--- Material provided ---
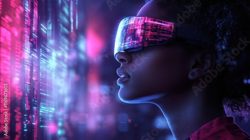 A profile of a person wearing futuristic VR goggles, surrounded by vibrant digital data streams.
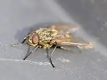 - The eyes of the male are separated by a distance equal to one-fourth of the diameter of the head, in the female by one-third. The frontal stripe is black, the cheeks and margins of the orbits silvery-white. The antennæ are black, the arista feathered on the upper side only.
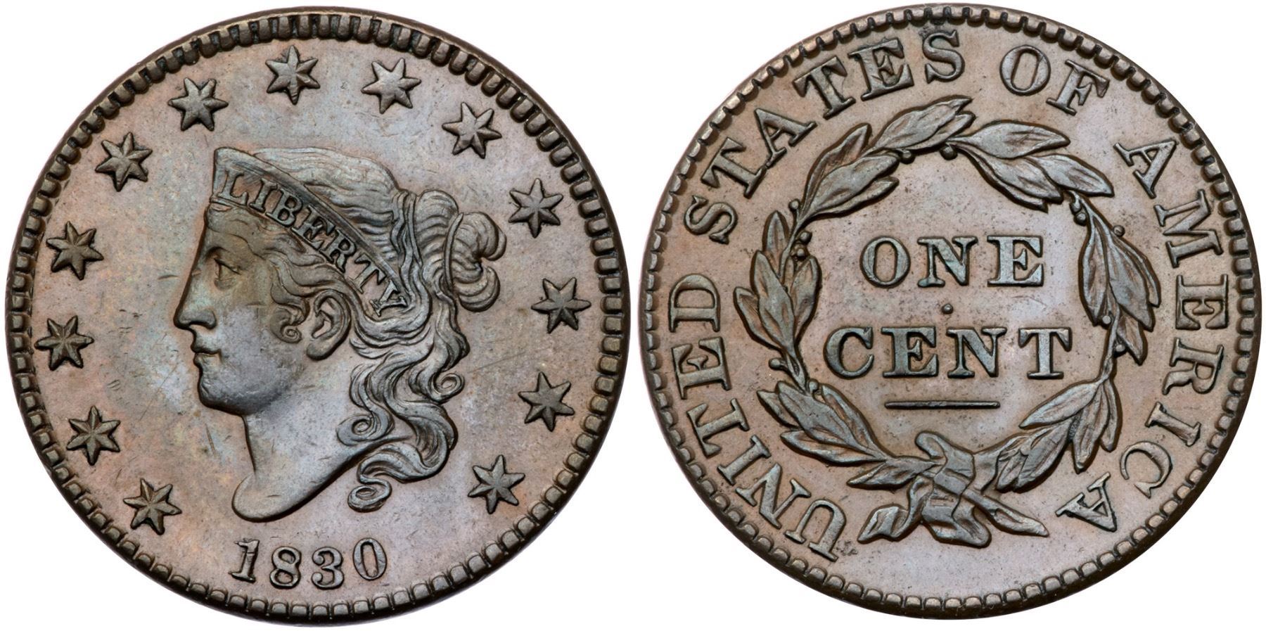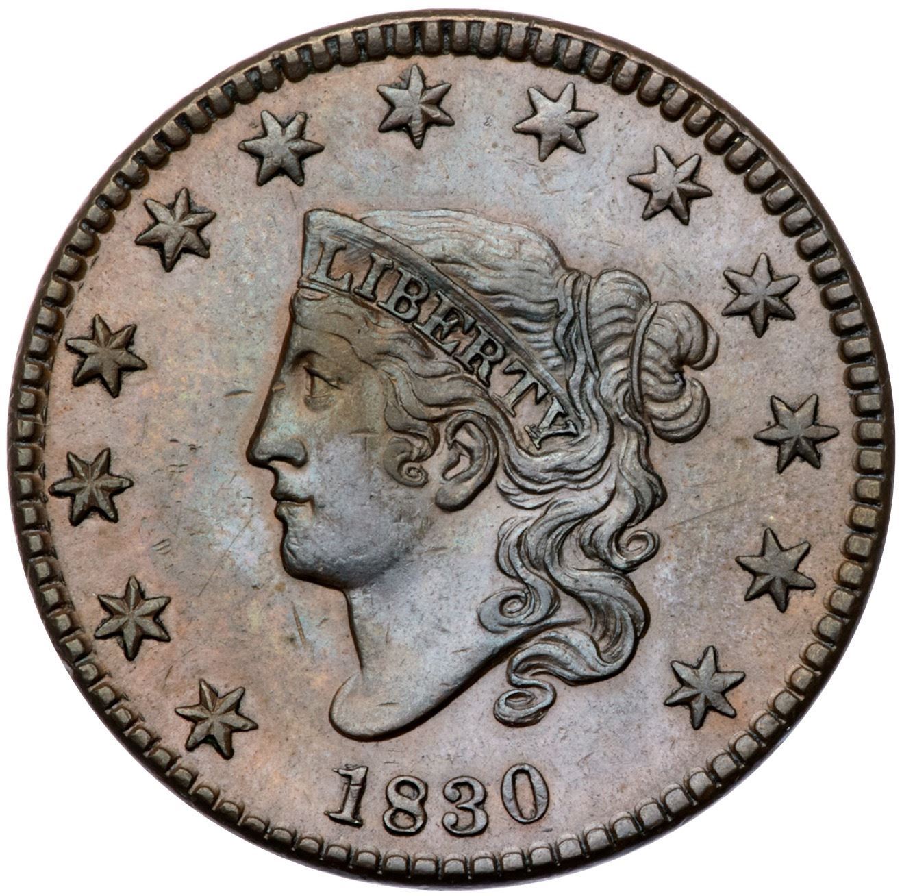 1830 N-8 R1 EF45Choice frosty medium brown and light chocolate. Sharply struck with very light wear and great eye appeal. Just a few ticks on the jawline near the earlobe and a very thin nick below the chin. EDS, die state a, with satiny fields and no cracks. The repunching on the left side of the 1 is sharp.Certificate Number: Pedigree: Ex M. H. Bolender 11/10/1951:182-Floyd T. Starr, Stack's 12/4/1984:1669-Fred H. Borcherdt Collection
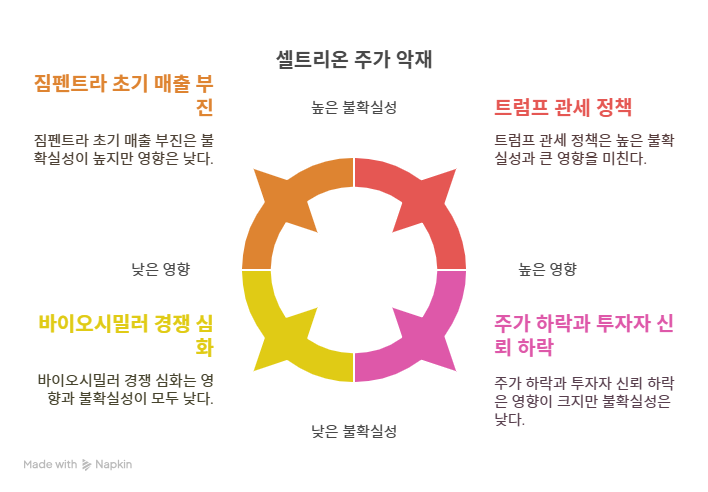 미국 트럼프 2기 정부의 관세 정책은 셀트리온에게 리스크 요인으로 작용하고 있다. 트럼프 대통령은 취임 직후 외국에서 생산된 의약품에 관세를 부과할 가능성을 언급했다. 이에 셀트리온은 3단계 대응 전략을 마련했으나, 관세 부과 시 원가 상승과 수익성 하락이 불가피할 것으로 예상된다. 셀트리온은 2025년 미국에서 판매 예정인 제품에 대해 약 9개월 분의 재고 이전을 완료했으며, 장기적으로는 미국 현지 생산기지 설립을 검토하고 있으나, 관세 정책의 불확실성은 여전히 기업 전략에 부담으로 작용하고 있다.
---
Requirement
Please give every line above again word for word, apart from the pictures.

Task answer
 A profile of a person wearing futuristic VR goggles, surrounded by vibrant digital data streams.
 - The eyes of the male are separated by a distance equal to one-fourth of the diameter of the head, in the female by one-third. The frontal stripe is black, the cheeks and margins of the orbits silvery-white. The antennæ are black, the arista feathered on the upper side only.
 1830 N-8 R1 EF45Choice frosty medium brown and light chocolate. Sharply struck with very light wear and great eye appeal. Just a few ticks on the jawline near the earlobe and a very thin nick below the chin. EDS, die state a, with satiny fields and no cracks. The repunching on the left side of the 1 is sharp.Certificate Number: Pedigree: Ex M. H. Bolender 11/10/1951:182-Floyd T. Starr, Stack's 12/4/1984:1669-Fred H. Borcherdt Collection
 미국 트럼프 2기 정부의 관세 정책은 셀트리온에게 리스크 요인으로 작용하고 있다. 트럼프 대통령은 취임 직후 외국에서 생산된 의약품에 관세를 부과할 가능성을 언급했다. 이에 셀트리온은 3단계 대응 전략을 마련했으나, 관세 부과 시 원가 상승과 수익성 하락이 불가피할 것으로 예상된다. 셀트리온은 2025년 미국에서 판매 예정인 제품에 대해 약 9개월 분의 재고 이전을 완료했으며, 장기적으로는 미국 현지 생산기지 설립을 검토하고 있으나, 관세 정책의 불확실성은 여전히 기업 전략에 부담으로 작용하고 있다.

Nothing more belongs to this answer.